Patients and public encompass a large group of people. They can be patients, potential patients, carers, generally anyone who uses or may use health and social care services, or organisations supporting and/or representing such users, as well as any interested member of the general public.
Involvement is about ensuring patients and the public are involved in all aspects of the research process, from design through to conduct and dissemination. It should reflect the ‘Nothing about me, without me’ ethos of the Health Research Authority (HRA), the NHS and many PPI groups. Research should be done ‘with or by’ the public not ‘to, for or about’ them.
Engagement is ways in which the research team share details of their work with patients and the public. However, engagement is not just researchers providing information to patients and the public, it is also providing the opportunity for a two-way discussion. For researchers to listen and interact with these important stakeholders.
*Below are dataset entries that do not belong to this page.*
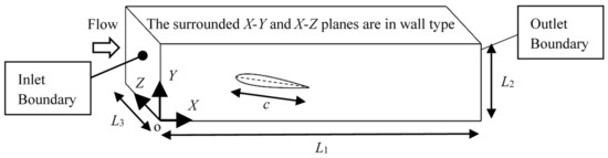 In this study, the NACA0015 foil was studied at α = 8 degrees inside an L1 × L2 × L3 cuboid domain, as shown in Figure 4. L1, L2 and L3 were respectively equal to 4.35c, 1.04c and 0.70c. Coordinate components X, Y and Z denote the three orthogonal directions, where X is along the flow direction, Y is perpendicular to the flow direction and Z is along the foil span. Because the foil does not change shape and scale along Z, this 3D case can be treated as an X-Y quasi-2D case, which provides a good case simplification. Fluid flows into the domain at the inlet boundary and out of the domain at the outlet boundary. The four surrounding X-Y and X-Z planes are walls.
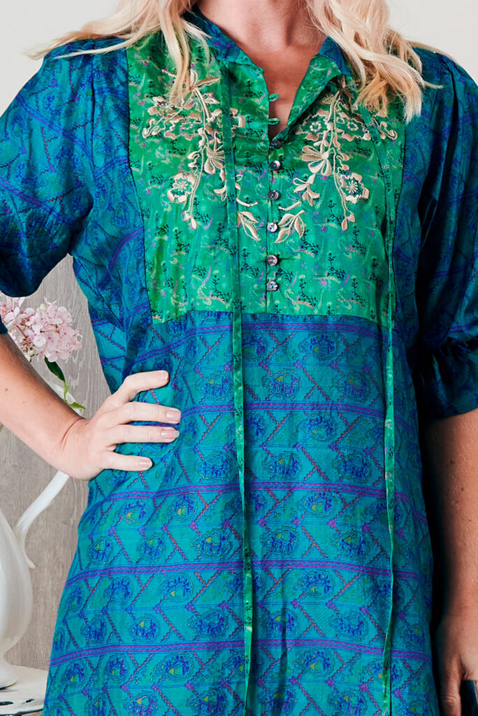 Yasmin Silk Print Embroidered Dress 10, 1 of 4
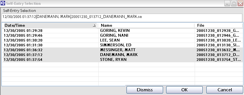 When an operator clicks the Import Self Entry button, a list of all available Self Entry records is displayed. One guest at a time may be selected or multiple records may be selected by holding the Ctrl key while selecting multiple guests. Once the guests have been selected, items of the specified DCI are added to the sale, each with the corresponding guest record attached. The Dismiss button can be used to delete Self Entry records from the queued list.
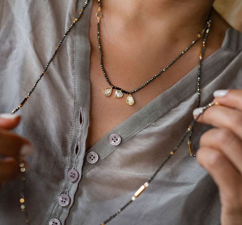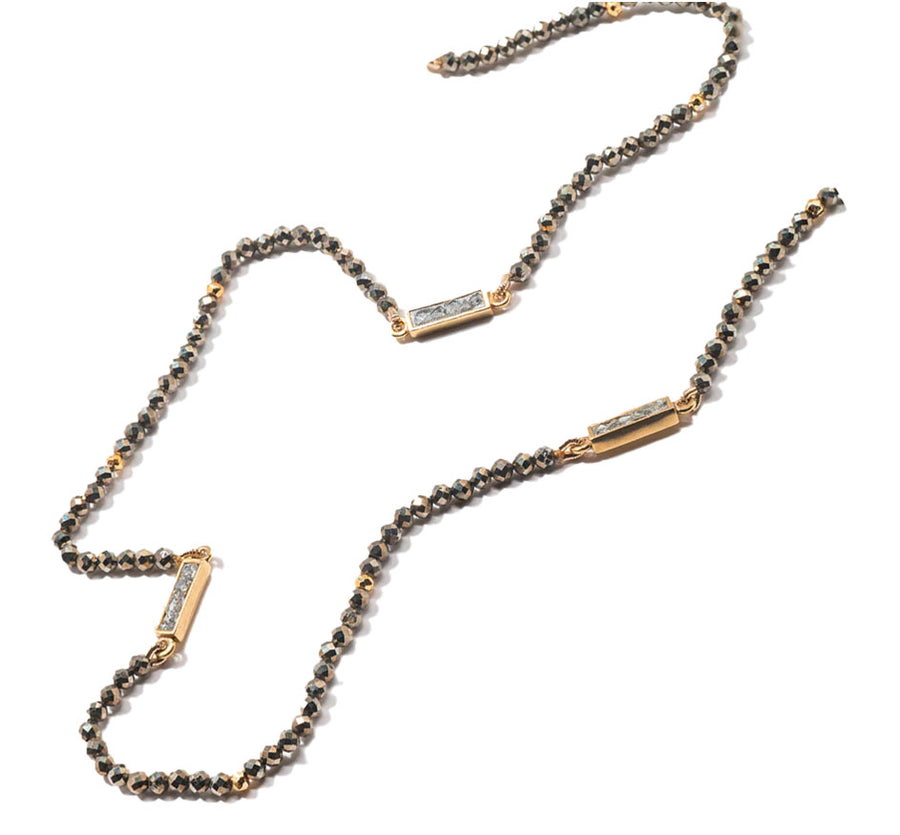This long, beaded necklace is punctuated by small bars of mosaic, uncut diamonds. This elegant necklace can be worn double-looped around your neck or left to hang in a long, slender strand. Available in multiple colors, this necklace can be easily paired or worn on its own. Pyrite helps you relieve anxiety and stimulate positive energy. Commonly referred to as a stone of action, it vitalizes ambition, helps you focus on your abilities, and increases your commitment to follow-through.

Here in THT/PSH patients are at the heart of what we are doing. Our research is focused to provide better diagnostic and care options for future healthcare practice. Therefore, it is important that PPIE representatives are involved from the start. In our projects we aim to incorporate PPIE in all elements of our research activities from design through to conduct and dissemination.
We have strong links with a number of PPI groups including ICU Steps and Breathtakers. We see our Patient Representatives as colleagues and collaborators when it come to our research, we have already named some of our PPI representatives as co-applicants in a number of our projects.
We believe our approach to PPIE shows a commitment to prioritising patient and public benefit as one of our core cultures and values within the group.